We identified 1321 days with precipitation at 25% or more of the 94 stations during 1979–2017. For each of these 1321 days, we computed the average amount of precipitation per station and retained the lower- and upper-quartiles of the so-formed distribution. The retention of the days belonging to each extreme quartile was to make sure we extracted enough days that were not only associated with “bottom 25%” and “top 25%” precipitation, but days where the amount of precipitation in central Chile was more likely to be associated with low impact and high impact, respectively. As a result, we retained the 330 days on which the average precipitation per station was less than 6.26 mm (LOW25 days) and the 330 days on which the average precipitation per station was above 18.97 mm (HIGH25 days). We next looked for the occurrence of a 500-hPa cutoff low. In 166 days of the total of 1321 days, the leading edge of a 500-hPa cutoff low (M1 in Fig. 2) affected central Chile and the adjacent southeastern Pacific Ocean (i.e., the leading edge was located poleward of 30°S and between 90° and 70°W). From these 166 days, 65 were associated with LOW25 days and 56 were associated with HIGH25 days.

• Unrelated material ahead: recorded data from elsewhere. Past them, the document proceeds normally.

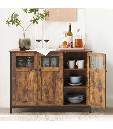 Vasagle - Buffet, avec Placard 3 Portes, 100 x 35 x 75 cm, Meuble de Rangement pour Salle à Manger, Cadre en Acier, Style Industriel, Marron Rustique
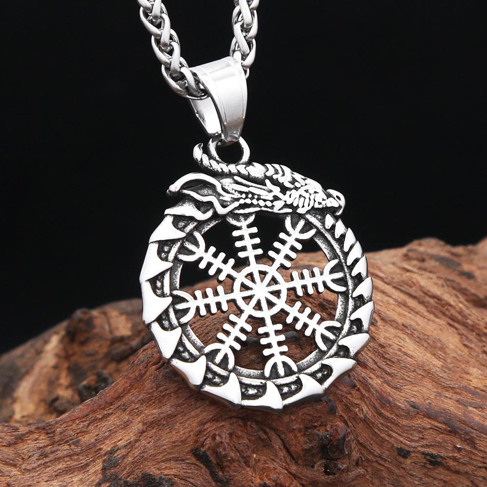 Vintage Vikings Dragon Ouroboros Pendant Necklaces For Men Stainless Steel Nordic Viking Compass Necklace Amulet Jewelry
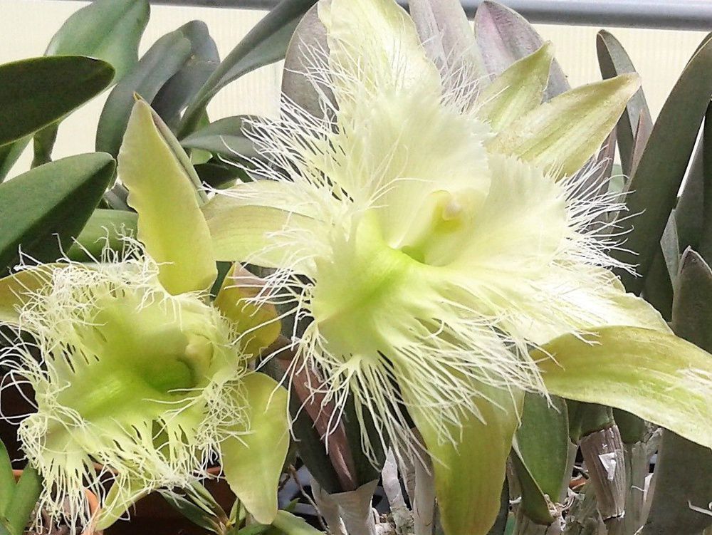 Rhyncholaelia digbyana is an orchid of the genus Rhyncholaelia. Plant blooms in the summer with up to two 17 cm wide flowers. The flowers are light lemon color with a refreshing lemon-like smell and start to appear from summer. This Rhyncholaelia digbyana orchid is found growing on trees and bushes in Costa Rica, Belize, Guatemala, Honduras and Southeast Mexico. The blooming season is from September till January, making it an ideal time to observe.
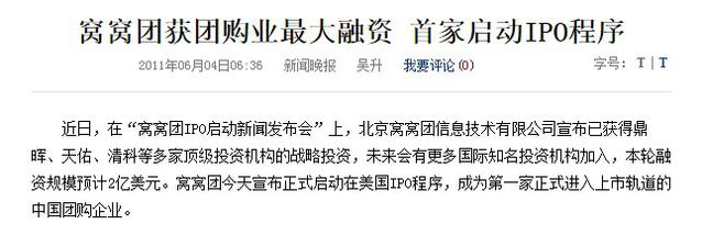 文\X教授(微信公家號:X_Man_Investment) 在大眾創(chuàng)業(yè)的背景下,初創(chuàng)企業(yè)A輪百萬、B輪C輪數(shù)千萬美金的融資新聞,已經不能在科技媒體上吸引眼球與流量了。每隔幾天,就會有此前默默無聞的公司公布進行金額聞所未聞的融資。有趣的是創(chuàng)投界的神話,往往會自我祛魅和揭穿。 虛假融資成風有強烈的內在邏輯驅動。游戲介入方甚至能得到皆大歡喜的局面。對創(chuàng)業(yè)者而言,浮夸的數(shù)額吸引眼球,能夠成為免費的公關流動,利便拉人入伙、市場拓展乃至遏制競爭對手。 對投資者而言,包裝出來的“欣欣茂發(fā)”態(tài)勢,利便擊鼓傳花的資本游戲進行下去。易凱資本創(chuàng)始人兼首席執(zhí)行官王冉,在一次演講中就說過:“一家公司融了3000萬美元,然后新聞報出來就是8000萬美元,融了1億美元報出來可能是3億美元。那既然你這么做了,他的競爭對手看到了,通常競爭對手也會采用同樣的方式。由于做乘法并不難,乘以2、乘以3基本就可以了,然后圈里知道都會這么做,又會除歸來,所以除法也并不難。” 未上市企業(yè)因不需要向公家表露企業(yè)信息,還能繼承講故事虛報融資;而一旦謀劃上市,遞交包含招股書在內的諸多文件,過去所有的融資真實情況就會暴露,尤以美股市場為甚。 只需要簡樸的英文能力,詳閱招股書,便能發(fā)現(xiàn)此間的蹊蹺。進入筆者視野的五家公司,固然間隔上市之初過去了許久,且不乏洗白成功登堂入室者,但恰是作惡者的上行下效,現(xiàn)在虛報融資額之風才越刮越烈,這也是“算舊賬”的意義所在。 有上市潛力的優(yōu)質創(chuàng)業(yè)者介入融資數(shù)額造假游戲,最為愚蠢。由于假如公司做的好,很快就會下一輪融資,而一輪要比一輪融資規(guī)模大,因此假話將一個接著一個,最后進行證券登記時,假話難圓。 出來混早晚是要還的,筆者收拾整頓的五家互聯(lián)網企業(yè):狂風科技、智聯(lián)招聘、唯品會、歡聚時代、窩窩團。有的正在遭遇訴訟,有的在被徐徐遺忘,有的雖有可稱為“傳奇”的成功,但未來將如A股走勢般兇險。 第一名: 窩窩團融資額翻4倍報道融資額:2億美元 真實融資額:5500萬美元 2011年5月,窩窩團高調公布首輪融資將達2億美元,是當年團購業(yè)內單筆融資的最大規(guī)模,融資方為鼎暉、天助、清科等。 以下為媒體報道截圖:

The subgroup of 65 LOW25 days was associated with 58 unique cutoff lows (LOW25 cutoff lows), and the subgroup of 56 HIGH25 days was associated with 41 unique cutoff lows (HIGH25 cutoff lows). The difference between the number of days and number of associated cutoff lows for each category was because a single cutoff low might be associated with more than one day of precipitation and because a single cutoff low could belong to both categories simultaneously. The nonunique categorization of a cutoff low occurred when, during the same day, a subgroup of rainfall stations measured low precipitation while another subgroup measured high precipitation, a feature that is favored by the complex terrain in central Chile (Falvey and Garreaud 2007; Barrett et al. 2009; Garreaud et al. 2016) and by mesoscale variability in the precipitation distribution of cutoff lows (Nieto et al. 2008). This nonunique categorization of the events was the case for five cutoff lows within our dataset, which were removed from the analyses to retain independence between both categories.

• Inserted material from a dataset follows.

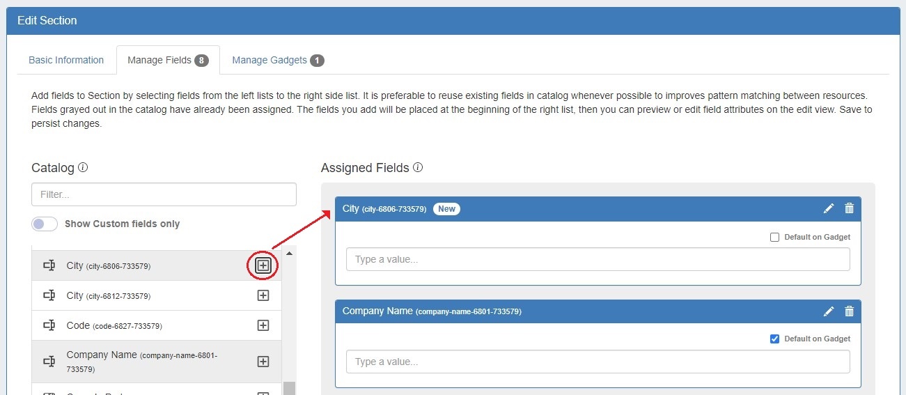 Once the fields are added to the section, they are available in the Fields Gadget and Edit Fields modal.

The spatial distribution of LOW25 and HIGH25 cutoff lows (Fig. 3) shows that both types of events were detected for the first time as they approached the western coast of South America, especially within the region (25°–50°S, 100°–70°W), with LOW25 cutoff lows clustering equatorward and eastward of HIGH25 cutoff lows (Fig. 3a). In general, both types of events reached their minimum geopotential height near their position of first detection, with LOW25 cutoff lows being more likely to intensify after crossing the Andes cordillera (Fig. 3b).

Fig. 3.
Fig. 3.

Position of the 991 cutoff lows detected across South America during 1979–2017, and the position of LOW25 and HIGH25 cutoff lows. The positions are represented for the time of (a) first detection of the upper-level low and (b) geopotential height minimum.

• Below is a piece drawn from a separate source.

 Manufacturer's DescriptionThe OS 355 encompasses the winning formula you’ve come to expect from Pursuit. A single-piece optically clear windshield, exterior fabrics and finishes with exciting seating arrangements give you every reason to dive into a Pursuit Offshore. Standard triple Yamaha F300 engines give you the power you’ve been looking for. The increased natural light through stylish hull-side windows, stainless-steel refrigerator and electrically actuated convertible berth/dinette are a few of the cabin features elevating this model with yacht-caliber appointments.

Citation: Journal of Applied Meteorology and Climatology 60, 4; 10.1175/JAMC-D-20-0135.1

Because cutoff lows tend to be slowly moving features (Fuenzalida et al. 2005), the clustering of LOW25 events equatorward of HIGH25 cutoff lows was also present when analyzing the trajectory of LOW25 and HIGH25 cutoff lows (Fig. 4). Especially during their first couple of days, LOW25 events tended to travel close to the western coast of South America between 30° and 45°S (Fig. 4a), whereas HIGH25 events were more prone to distribute poleward of 40°S and off the western coast of South America (Fig. 4b). By locating farther from the Andes foothills than LOW25 events, HIGH25 events were more likely to reorganize the flow downstream and allow the development of a low-level low that could enhance orographic precipitation when this low-level low arrived at the continent. However, this hypothesis of orographic precipitation enhancement by the arrival of low-level low needs to be tested by a mesoscale modeling study.

Fig. 4.
Fig. 4.

Trajectory of (a) LOW25 and (b) HIGH25 cutoff lows after a three-point average smoothing. Each color represents the trajectory of each system belonging to each group. The red-outlined areas represent the region where the trajectories of LOW25 or HIGH25 events tend to cluster.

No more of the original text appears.